Seid Ihr dabei? Dann freuen wir uns über Empfehlungen, Hinweise, Tipps und eigene Erfahrungswerte rund um die Bereiche Zero Waste bzw. Less Waste, Bio, Secondhand, Handwerk, Regionales sowie plastikfreie, müllsparende und ressourcenschonende Lösungen.

8 Kommentare

  1. Schöner Artikel, tut gut zu lesen. Ich bin es leid immer zu hören, dass Konsum per se schlecht ist, bzw. das ich als Minimalistin mich angeblich der Bedürfnislosigkeit unterwerfe.

    • M21 sagt

      Liebe Marcella,

      das freut mich zu hören!

      Grundsätzlich muss man die ganze Diskussion rund um „Minimalismus“ sachlich führen können – mit allen Themen, die eben auch unmittelbar dazugehören! Konsum dabei auszuschließen ist für mich – gemäß der Definition bzw. Bedeutung des Wortes – kein gangbarer Weg.

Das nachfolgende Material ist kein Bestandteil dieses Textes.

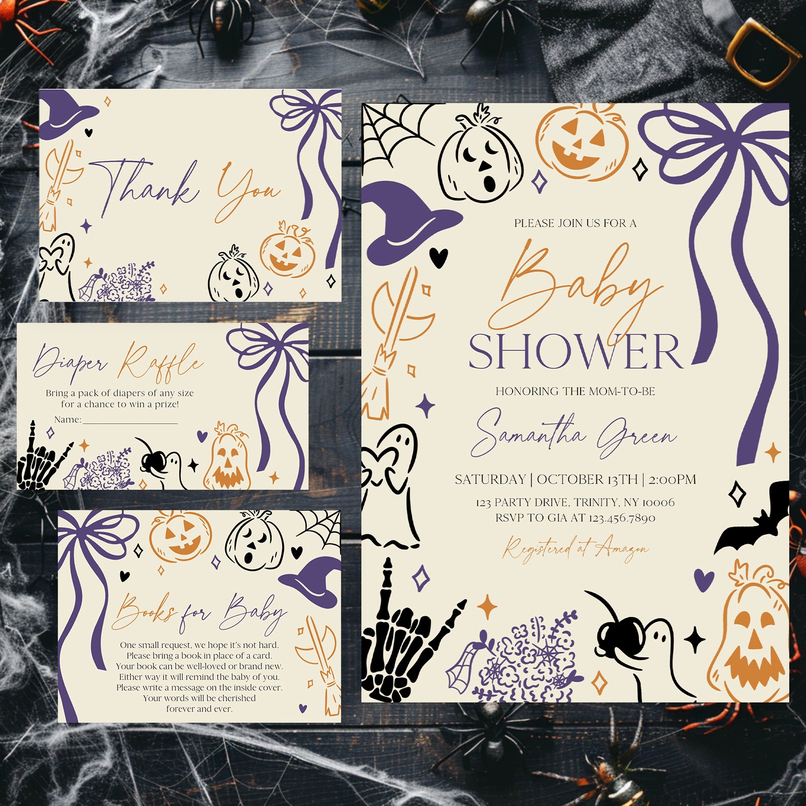 Halloween Baby Shower Invite Bundle: Pumpkins, Ghosts & Witchy Fun

      Schöne Ostern und herzliche Grüße
      M21

  2. Konsum, auch grüner Konsum rettet nur leider nicht die Welt. Daher kann ich dieses „Dein Euro ist deine Stimme“ auch nicht mehr hören, da es an dem Problem rein gar nichts ändert. Das frustiert mich, weil es auf mich immer den Eindruck macht, als wäre es ne Ausrede um weiter Sachen zu kaufen, die man nicht braucht. Z.B. verbraucht Fairtrade-Biobaumwolle-Kleidung genauso Ressourcen, wie normale Kleidung. Muss auch transportiert werden. Vielleicht ist der gesamte Prozess dabei ein bisschen weniger schädlich für die Umwelt, vielleicht verdienen die Leute da ein bisschen mehr. Na und?
    Es kommt Zeug zu uns, wo von wir eh schon genug haben. Und auch Fairtrade-Klamotten werden irgendwann aussortiert.
    Das ermüdet mich.

    Aber ja, ich stimme euch zu. Austausch und Dialog über mögliche bessere Produkte und ein aufgeklärtes Konsumverhalten sind wichtig.

    • M21 sagt

      Liebe Frau DingDong,

      genau das ist die Krux, auf die wir auch wiederholt in unseren letzten Beiträgen und in diesem, hingewiesen haben.

      Dennoch kann man den Menschen das Konsumieren nicht schlichtweg verbieten. Abgesehen davon, dass wir (gemäß der ursprünglichen Bedeutung des Wortes) bei Konsum an eine ganze Reihe von Dingen denken: Vom guten Wein über die neue Klamotte bis hin zu Interieur aller Art, Mobilität uvm.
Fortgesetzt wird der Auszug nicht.